Bahkan, sebagian remaja masa kini yang akrab di media sosial, entah yang kesehariannya tampak biasa atau tidak, sama-sama bisa berkata kasar, dan bully sana bully sini, padahal bisa jadi mereka tidak saling kenal secara pribadi.
”Mereka lebih berani di media sosial karena orang-orang itu merasa bisa menyembunyikan identitas aslinya. Kebanyakan orang Indonesia merasa sungkan jika bertatap muka secara langsung,” ucap dosen DKV Universitas Sahid Surakarta, Ahmad Khoirul Anwar, saat menjadi pembicara dalam webinar literasi digital bertema “Interaksi Online Nyaman, Kikis Ujaran Kebencian” yang digelar Kementerian Kominfo untuk masyarakat Kabupaten Banyumas, Jawa Tengah, Senin (13/9/2021).
Dalam webinar yang diikuti ratusan peserta itu, Khoirul menuturkan, selain bisa menyembunyikan identitas, orang juga cenderung memilih diam ketika di dunia nyata, karena masih memiliki perasaan takut menyinggung lawan bicara. Namun di media sosial, jika ada sesuatu yang memunculkan rasa ketidaksetujuan atau ketidaksukaan, mereka lebih bebas menyampaikan perasaan yang mungkin saja tidak bisa tersampaikan ketika tatap muka.

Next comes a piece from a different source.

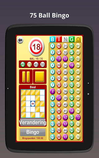 In de 75 bingoballen variant is er slechts één prijs, de winnaar is de eerste die de vorm die momenteel gespeeld wordt op de bingokaart voltooid. De app heeft verschillende vormen om uit te kiezen die u kunt voltooien. Met elk nieuw spel verandert de vorm; u kunt het spel met deze vorm starten, of een nieuwe vorm kiezen.

“Orang juga bisa lebih berani di media sosial karena seolah tak memiliki beban tanggung jawab atas yang dia keluarkan. Tanpa adanya beban tanggung jawab baik moral maupun material, tentu akan mendorong seseorang untuk berani mengkomunikasikan apa yang terlintas dalam hati maupun pikirannya secara spontan tanpa harus mempertimbangkan konsekuensinya,” kata Khoirul.

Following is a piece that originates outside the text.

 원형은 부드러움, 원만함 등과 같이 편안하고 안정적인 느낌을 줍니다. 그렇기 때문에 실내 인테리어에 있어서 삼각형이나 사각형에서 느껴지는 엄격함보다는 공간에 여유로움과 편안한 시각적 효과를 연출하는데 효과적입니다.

Khoirul mengingatkan, bagi tipe pengguna media sosial seperti ini, agar tetap berhati-hati. Karena kata-kata kasar adalah senjata yang bisa berujung menjadi ujaran kebencian. ”Media massa dan media sosial kita seharusnya saat ini dikembalikan pada tujuan awal. Yakni, untuk memberikan informasi pendidikan dan hiburan bagi masyarakat serta menjadi alat kontrol sosial bagi penyelenggaraan negara,” kata dia.
Untuk itu, lanjut Ahmad Khoirul, kebijakan negara soal ujaran kebencian selayaknya diapresiasi agar masyarakat Indonesia dapat hidup dengan rukun, aman, dan damai sebagaimana diamanatkan oleh konstitusi. Khoirul menambahkan, ada sejumlah langkah bisa menjadi panduan agar kata-kata atau konten yang dibuat terhindar dari ujaran kebencian.

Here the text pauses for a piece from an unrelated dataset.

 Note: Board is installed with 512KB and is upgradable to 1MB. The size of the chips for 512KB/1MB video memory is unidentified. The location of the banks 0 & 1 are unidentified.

Antara lain, ujarnya, memilih diksi kata dengan tepat sesuai dengan pesan yang ingin disampaikan. ”Hindari kalimat ambigu, gunakan kalimat efektif dan positif, sistematis mengalir dan mudah dipahami. Begitupun dengan gaya bahasa yang digunakan, hindari ironi, sarkasme, satire juga sinisme,” urai Khoirul.
Narasumber lain dalam webinar itu, Staf Ahli Komite I DPD RI Sudarman menuturkan, di era ini hal yang paling perlu diwaspadai tak lain jejak digital. Sudarman merinci berbagai hal bisa menjadi jejak digital untuk dilacak. Mulai dari video yang pernah ditonton, postingan di sosial media, aplikasi yang digunakan, pencarian di Google, barang yang pernah dibeli, riwayat ojek online atau pesan makanan online, musik yang diputar, hingga online games yang sering digunakan.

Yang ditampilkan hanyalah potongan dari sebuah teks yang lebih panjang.